Cómo elegir el parque industrial correcto para tu operación

May 18, 2026

La reconfiguración de las cadenas de suministro ha posicionado a México como uno de los destinos más atractivos para inversión en manufactura en las últimas décadas. Y no es casualidad: cercanía con Estados Unidos, mano de obra calificada a costos competitivos, inventario industrial de primer nivel y más de 50 tratados de libre comercio con distintos países del mundo son argumentos difíciles de ignorar.

La narrativa del nearshoring ha enfrentado sus propios obstáculos; inseguridad, tensiones geopolíticas y una inestabilidad política que ha frenado el optimismo de más de un inversionista. Sin embargo, el atractivo de México como destino manufacturero sigue siendo real y vigente.

Establecer operaciones industriales de mediano o largo plazo es una decisión que define proyectos. Elegir mal el parque industrial puede costarle caro a cualquier empresa, no importa qué tan sólida sea su operación. En este artículo te comparto los 5 factores clave que debes considerar antes de tomar esa decisión.

1. Ubicación y Conectividad

"Location, location, location"es una de las frases más representativas en bienes raíces, y en el sector industrial no es la excepción. La ubicación es la base sobre la que se construye toda la logística de una operación. Un parque industrial puede contar con la infraestructura más moderna del mercado, pero si está mal ubicado, ese atractivo se diluye rápidamente en costos de transporte, tiempos de entrega y complejidad operativa.

Antes de evaluar cualquier opción, la pregunta más importante no es dónde está el parque, sino cómo está configurada tu operación. ¿Dónde están tus clientes y proveedores? ¿Cuál es tu mercado principal? ¿Qué tan dependiente eres del cruce fronterizo con Estados Unidos? Responder estas preguntas define el radio de búsqueda antes de ver una sola nave.

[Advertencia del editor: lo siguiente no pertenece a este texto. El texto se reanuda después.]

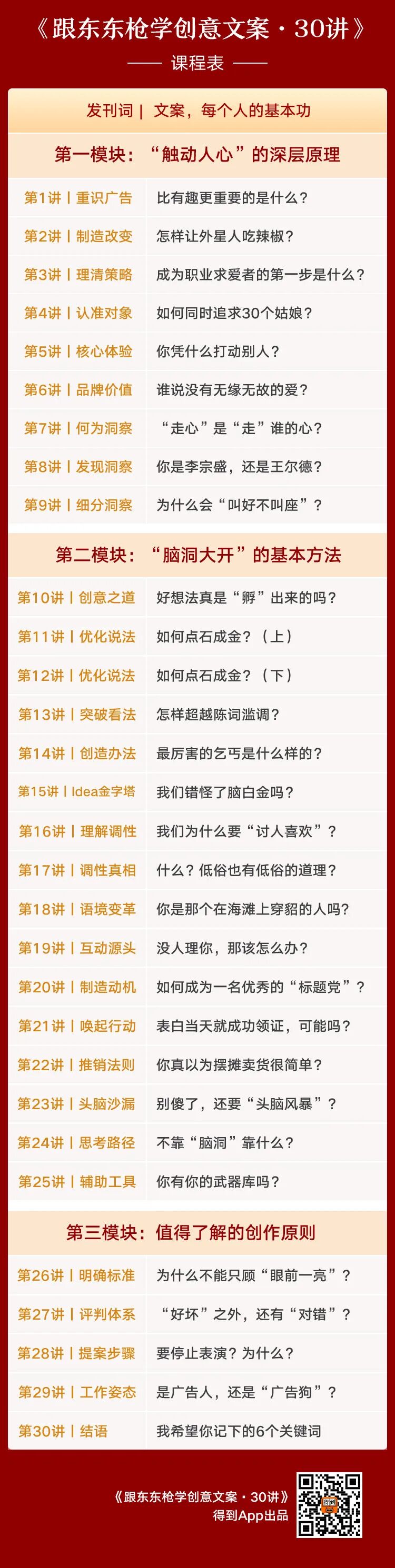 1. 这个周五上新,给你推荐我们「得到」里面的最新课程《跟东东枪学创意文案》。你可能会说,我又不是做广告的,我干嘛要学创意文案?
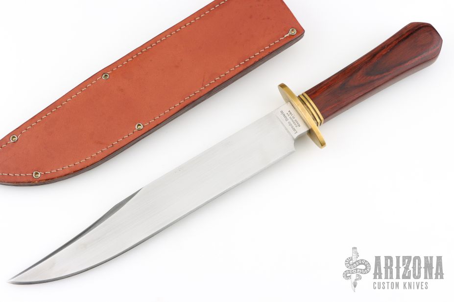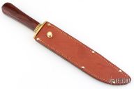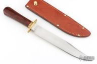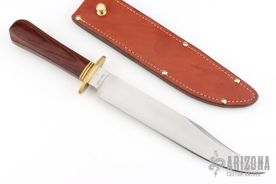 This Laredo Bowie by Cold Steel features a hand rub satin finished blade with sharpened top edge, .291" blade stock and 1.487" blade depth, hidden tang construction. The handle has a brass guard and dymondwood grip. Comes with original brown leather sheath. Has some light scratches, has been sharpened, otherwise good condition.
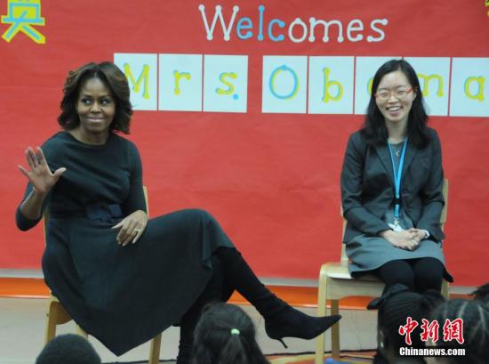 當地時間3月4日,將于3月下旬訪華的美國第一夫人米歇爾·奧巴馬走進華盛頓育英學校的中文課堂,為第一次中國之行做準備。課堂上,米歇爾學說中國話,還透露自己愿意品嘗從沒吃過的特色中國菜。中新社發 德永健 攝
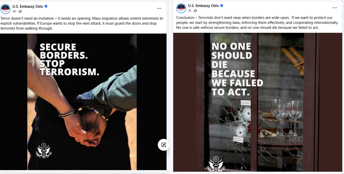 I know this tactic. I’ve seen it countless times. Lillian Smith knew this tactic with the Jim Crow South and demagogues. She wrote, “The Devil knows that if you want to destroy a man, all you need do is fill him with false hopes and false fears. These will blind him to his new direction and he will inevitably turn away from the future and destroy himself and those close to him.” The false fear has been a non-existent invasion of rapists and criminals from Mexico and elsewhere, a fear stoked from Trump’s first utterances when he descended the escalator in 2015. It’s one that continues today, reaching outwards even from the United States to our embassies in places like Norway with posts such as the ones below. What the US Embassy in Oslo doesn’t note, though, is that the deadliest terrorist attack in Norway occurred on July 22, 2011, when avowed white supremacist Anders Breivik murdered 77 and injured 300 people, mostly teenagers at a Workers’ Youth League summer camp. Breivik, in turn, inspired domestic terrorists in the United States such as Adam Lanza who committed the Sandy Hook Elementary School shooting in 2012 and possibly others such as Robert Gregory Bowers who killed 11 and injured 6 people at the Tree of Life Synagogue in Pittsburgh.
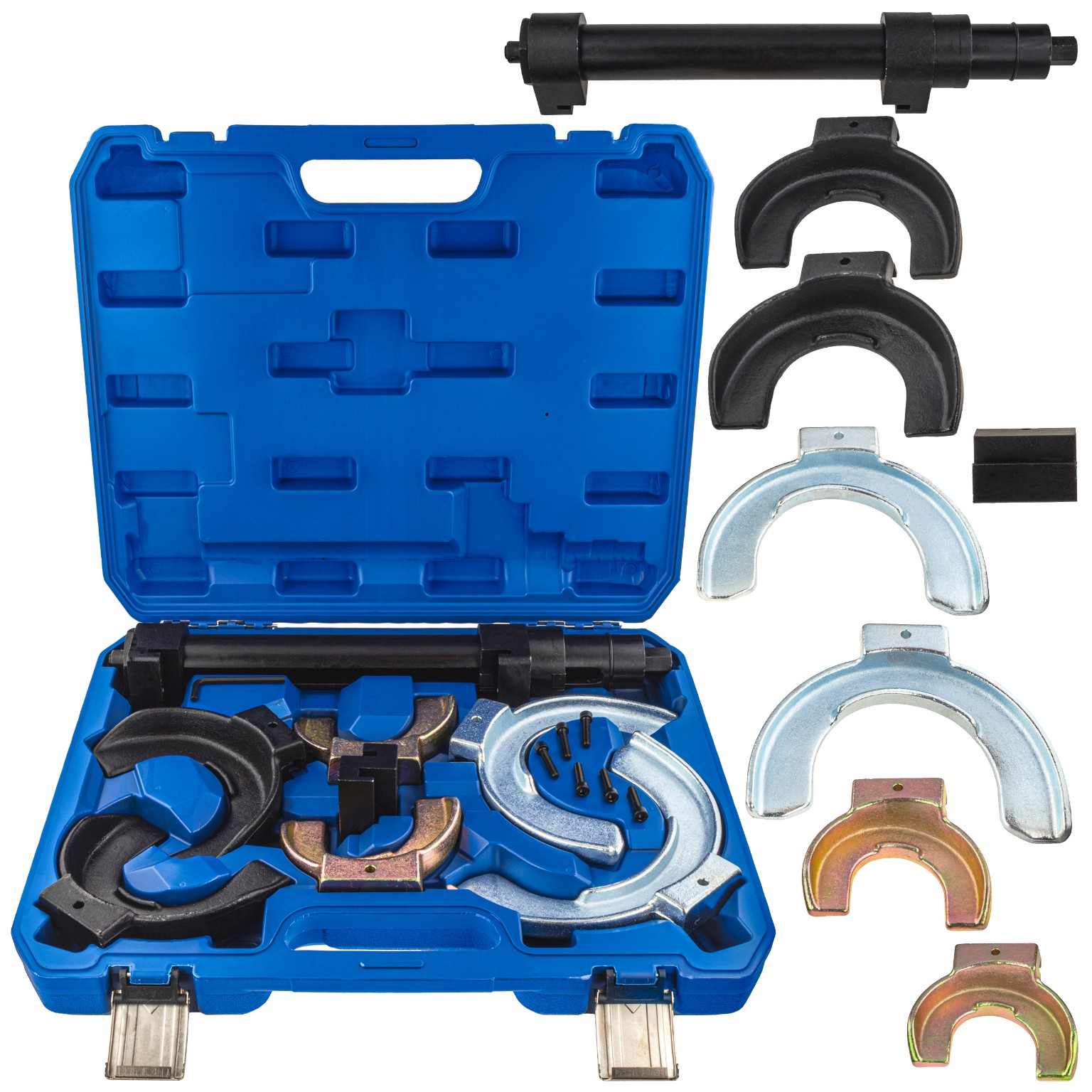 Приспособление предназначено для демонтажа автомобильных амортизаторов и его основной задачей является сжатие пружин в стойках McPherson. Поскольку количество пружин в стойках McPherson продолжает увеличиваться, инструмент включает в себя три пары захватов, которые почти полностью охватывают диапазон доступных стоек McPherson. В комплект также входит проставка для конических пружин, расширяющая диапазон применения съемника. При проектировании этого устройства были учтены мощные силы, необходимые для снятия пружин амортизатора, и риск травмирования пользователя. Поэтому все захваты в комплекте имеют увеличенные края для более надежного захвата пружин, что предотвращает выскальзывание пружины и травмирование оператора во время технического обслуживания. Рекомендуемая нагрузка на инструмент — 9000 Н. Максимальная нагрузка на инструмент — 37 000 Н. Инструмент упакован в устойчивый к повреждениям чемодан, что обеспечивает более удобную и быструю транспортировку.
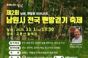 한국현대미술신문 기자 | 제2회 남원시 전국 맨발걷기 축제, 11월 1일 교룡산 둘레길에서 개최 남원시가 주최하고 맨발걷기국민운동본부 남원지회가 주관하는 ‘제2회 남원시 전국 맨발걷기 축제’가 오는 11월 1일 오후 1시 30분, 교룡산 둘레길 일원에서 열린다. 이번 행사는 남원시와 맨발걷기국민운동본부가 공동으로 주최하며, 전국 각지에서 참가자들이 모여 건강과 힐링, 그리고 문화를 함께 나누는 걷기 축제의 장이 될 전망이다. 참가자들은 황톳길과 소나무 숲길, 역사 탐방로를 따라 걸으며 단순한 걷기를 넘어 마음의 평안과 자연 치유의 시간을 갖게 된다. 또한 교룡산성의 역사적 의미를 배우고 지역 문화의 아름다움을 체험할 수 있는 다양한 프로그램도 마련된다. 행사 당일에는 축하공연, 맨발걷기 특강, 치유 사례 발표, 맨발 산행 등이 이어지며, 선착순 500명에게는 생수와 떡, 접이식 배낭 등이 제공된다. 이번 맨발걷기 코스에는 기존 교룡산 임도와 등산로 노선을 활용하여 남원시가 총 사업비 25억원을 들여 지난 4월 착공 후 6개월 만에 완공한 코스로, 1.1km의 황톳길과 1.

Con eso claro, la conectividad de la zona toma otro peso. Acceso a carreteras federales, autopistas de cuota y proximidad a puertos fronterizos dejan de ser datos en un brochure y se convierten en variables con impacto directo en tu operación. Un plus que cada vez más empresas valoran es la cercanía a un aeropuerto internacional — para operaciones que manejan componentes de alto valor, muestras o personal técnico extranjero, tenerlo a menos de una hora puede marcar una diferencia real en el día a día.

Finalmente, la conectividad ya no es solo física. La disponibilidad de fibra óptica y telecomunicaciones de calidad es un factor que antes era secundario y hoy puede ser determinante, especialmente para operaciones con altos requerimientos tecnológicos o de manufactura avanzada.

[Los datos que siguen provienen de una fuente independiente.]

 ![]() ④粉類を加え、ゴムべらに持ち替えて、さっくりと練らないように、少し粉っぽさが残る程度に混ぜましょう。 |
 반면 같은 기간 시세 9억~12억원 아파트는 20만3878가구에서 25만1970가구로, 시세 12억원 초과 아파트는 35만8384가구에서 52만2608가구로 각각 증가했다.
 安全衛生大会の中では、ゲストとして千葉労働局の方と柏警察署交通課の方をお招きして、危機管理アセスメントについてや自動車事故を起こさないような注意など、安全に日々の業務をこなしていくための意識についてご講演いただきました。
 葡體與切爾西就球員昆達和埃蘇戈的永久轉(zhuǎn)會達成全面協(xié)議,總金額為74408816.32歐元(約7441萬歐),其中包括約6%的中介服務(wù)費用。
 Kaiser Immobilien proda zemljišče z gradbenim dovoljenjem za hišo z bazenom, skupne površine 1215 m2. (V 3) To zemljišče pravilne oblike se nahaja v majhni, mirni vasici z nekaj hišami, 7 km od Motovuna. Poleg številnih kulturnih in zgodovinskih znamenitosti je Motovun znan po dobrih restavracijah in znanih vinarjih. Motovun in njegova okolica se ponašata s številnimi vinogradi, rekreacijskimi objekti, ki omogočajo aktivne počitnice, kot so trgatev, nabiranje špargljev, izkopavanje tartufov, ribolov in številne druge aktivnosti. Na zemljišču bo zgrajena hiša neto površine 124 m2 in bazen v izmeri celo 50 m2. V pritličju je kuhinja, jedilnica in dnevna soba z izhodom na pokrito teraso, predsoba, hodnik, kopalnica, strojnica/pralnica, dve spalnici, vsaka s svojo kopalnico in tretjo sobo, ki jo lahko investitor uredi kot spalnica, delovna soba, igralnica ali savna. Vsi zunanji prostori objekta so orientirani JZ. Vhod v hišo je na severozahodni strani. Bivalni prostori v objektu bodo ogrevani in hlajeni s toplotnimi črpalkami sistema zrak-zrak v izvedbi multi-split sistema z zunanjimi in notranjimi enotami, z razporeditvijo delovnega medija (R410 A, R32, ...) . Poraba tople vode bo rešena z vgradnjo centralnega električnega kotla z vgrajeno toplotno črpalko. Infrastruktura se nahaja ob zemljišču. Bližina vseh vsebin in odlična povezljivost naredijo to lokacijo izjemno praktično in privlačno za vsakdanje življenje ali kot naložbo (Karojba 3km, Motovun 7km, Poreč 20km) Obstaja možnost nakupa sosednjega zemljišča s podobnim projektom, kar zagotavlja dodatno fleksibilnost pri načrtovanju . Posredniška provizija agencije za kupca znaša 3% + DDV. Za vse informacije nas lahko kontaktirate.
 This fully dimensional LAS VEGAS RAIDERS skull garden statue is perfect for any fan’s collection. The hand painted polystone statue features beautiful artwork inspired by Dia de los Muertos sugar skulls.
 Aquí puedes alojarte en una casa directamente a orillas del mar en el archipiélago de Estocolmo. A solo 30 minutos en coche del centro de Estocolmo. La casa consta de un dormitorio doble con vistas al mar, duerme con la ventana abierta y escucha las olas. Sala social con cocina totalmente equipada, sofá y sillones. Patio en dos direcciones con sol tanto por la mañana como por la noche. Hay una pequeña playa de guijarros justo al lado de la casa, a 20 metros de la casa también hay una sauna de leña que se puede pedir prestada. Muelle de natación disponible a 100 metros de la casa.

2. Infraestructura del Parque: Lo que no se ve puede detenerte

Una nave industrial atractiva en papel puede convertirse en un cuello de botella operativo si el parque donde se encuentra no cuenta con la infraestructura adecuada. Este es uno de los factores que con mayor frecuencia se revisa superficialmente durante el proceso de selección y que después genera los problemas más costosos.

El agua y la energía eléctrica son los dos recursos que primero hay que validar. No basta con que el parque tenga acceso a ambos; la pregunta relevante es la capacidad disponible. ¿Cuántos MVA tiene contratados el parque con la CFE? ¿Existe capacidad para crecer? Para operaciones con alta demanda energética, como manufactura de autopartes o centros de datos, este punto puede ser un factor eliminatorio desde el inicio.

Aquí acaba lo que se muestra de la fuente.